The basic framework of who would pay into the fund, and who is eligible for payouts from it have been mostly settled since COP27, the last part of the puzzle was where would this fund be kept, and who would administer it?
This is where the West (mainly the US) got their sycophantic hands on it.
You see, the US and EU wanted the climate loss and damage fund to be hosted and administered by the World Bank. You may not have heard of this shady “international” body before, but it is a significant player in international politics. The World Bank is meant to “provide low-interest loans, zero to low-interest credits, and grants to developing countries.” This may sound very philanthropic, but in practice, it isn’t. The World Bank CEO is always a US citizen, and typically, one with close ties to US trade and the US government. As such, countries receiving such loans and grants from the World Bank have to toe the line and appease the US’s international wants and needs. Otherwise, rates can be hiked, loans recalled, or grants ended.
In other words, the World Bank is not an independent body. It is the international economic strong arm of the US government, which is used with crippling efficiency to ensure the developing world continues to support the US and its Western allies, such as the EU. This isn’t hyperbole; the World Bank has been heavily criticised from across the political spectrum for this damning behaviour.
The World Bank also has an accountability problem. Its major shareholders are the US and EU member states. No higher body is ensuring it is acting impartial of the developed and developing nation divide. This is part of the reason the World Bank can wield such massive Western influence without any consequences.
To top it off, the World Bank is also cripplingly expensive for funds like this. A similar fund called the Global Partnership for Education (GPE) was set up in 2002 to fund schools through conflicts, disasters and health emergencies in developing countries. Its work is vitally important not only to international aid but for the recovery and growth of these countries, as they support the next generation. As such, every extra dollar it can spend is crucial. But the World Bank charges 12% a year to administer it! These eyewaterially expensive charges shuttle money from this fund and towards the West. What’s worse, these charges aren’t set and can be hiked up at any time.
The GPE has also suffered the World Bank’s US bias. The GPE board is democratic and meant to be the independent arbitrator of who gets the funds and when. However, the World Bank has limited this ability and acts as the fund’s controlling puppet master. This has led to aid being incorrectly distributed and even handed out in ways which block other critical educational funds from reaching these countries, which went against the wishes of the GPE board.
As such, it isn’t surprising that both the US and EU want this highly important and influential fund hosted by their thinly veiled economic racket. They would be the major donors to the loss and damage fund, and having extra control over the fund in this way will give them, even more, sway over the developing world and ensure they act in the best interest of our business models, trade biases, international aims and economic structures.
Of course, this isn’t how the US and EU proposed this. They argued that setting the fund up within the World Bank would be quicker than setting up a genuinely independent fund and, therefore, could help more people sooner. However, this excuse has yet to convince developing nations, who know that the time difference between the two options would be minimal and want the fund to be independent of Western influence and hosted by a more neutral body like the UN.

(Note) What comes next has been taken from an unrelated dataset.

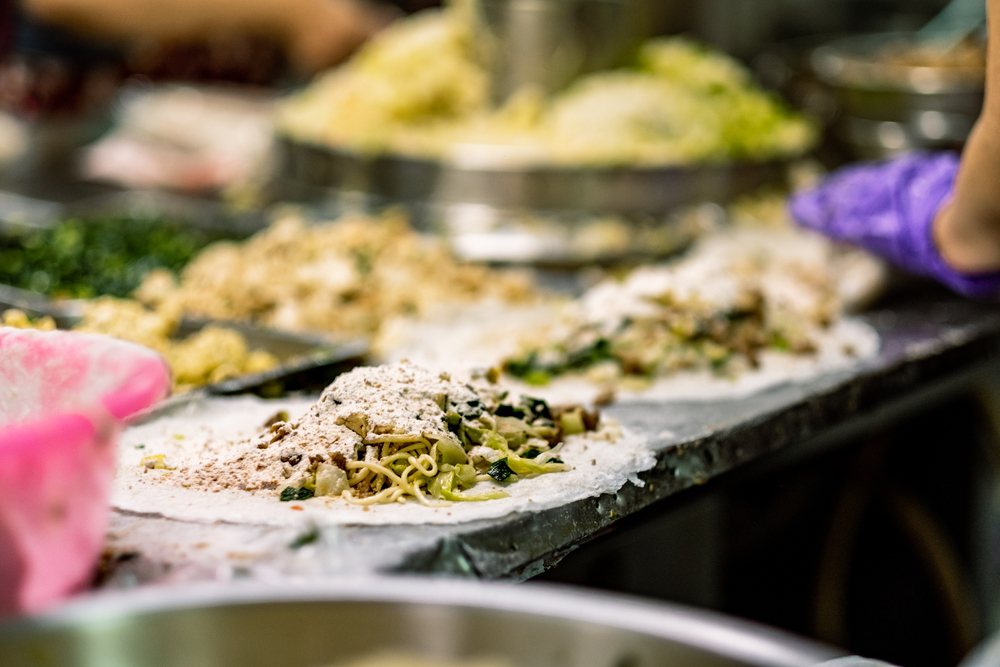 南部的春捲也顯少見到紅燒肉,不同於北部川燙高麗菜與豆芽菜的濕潤做法,餡料多半是炒過的韭菜花、豆干、蛋絲、菜脯、油麵、豆芽菜與高麗菜絲,加入芹菜與香菜點綴,以大量的蔬菜為主,有些店家還會淋一點肉燥,最後豪邁地撒上混了花生粉的糖粉,吸收春捲的濕氣,整體滋味偏甜。

But, many developing countries are outraged by this. They have pointed out that the fund is set up to give funds “based on vulnerability,” however, there are no steadfast definitions of what makes a country vulnerable or vulnerable to climate change. As such, the door is wide open for the World Bank to misuse the fund and use its own Western-biased description of vulnerable.
One notable representative pointed out that such misuse could have stopped the fund from responding to recent climate disasters, such as the devastating floods in Libya and Pakistan. Two countries the US and the Western world don’t see eye-to-eye on and have been increasingly antagonistic towards. However, this stance shouldn’t stop funds from repairing the climate damage these countries have suffered, especially as the vast majority of historical emissions have come from the US and EU.
If the US and EU were able to stifle these funds from countries like Libya and Pakistan, it would be tantamount to weaponising climate change, which they have overwhelmingly caused. A slippery moral slope we do not want to go down.
Especially as the US and EU have a continued presence of resisting being held accountable for their climate crimes (read more here and here). This worrying trend, combined with giving these nations unaccountable control over such a fund whose sole purpose is to make climate disasters more equitable, is a recipe for disaster.
Despite these very valid reasons not to host the loss and damage fund with the World Bank, a decision was made last Sunday to temporarily do just that. Needless to say, this has outraged many developing nations, who see the obvious potential for corruption and misuse.
So, the answer to the headline is yes. The US and its allies have used possibly one of the most critical pieces of climate legislation since the Paris Agreement to strengthen their international economic racketeering program rather than enabling independent equitable aid to flow to those who will suffer under the most immense threat humanity has ever faced. We should be utterly ashamed. Hopefully though, the fund can be transitioned away from the World Bank and into independent hands before the damages of climate change become ravenous. That being said, I am not optimistic such a change will happen. After all, it involves wrestling power away from the US and EU, which is nigh on impossible.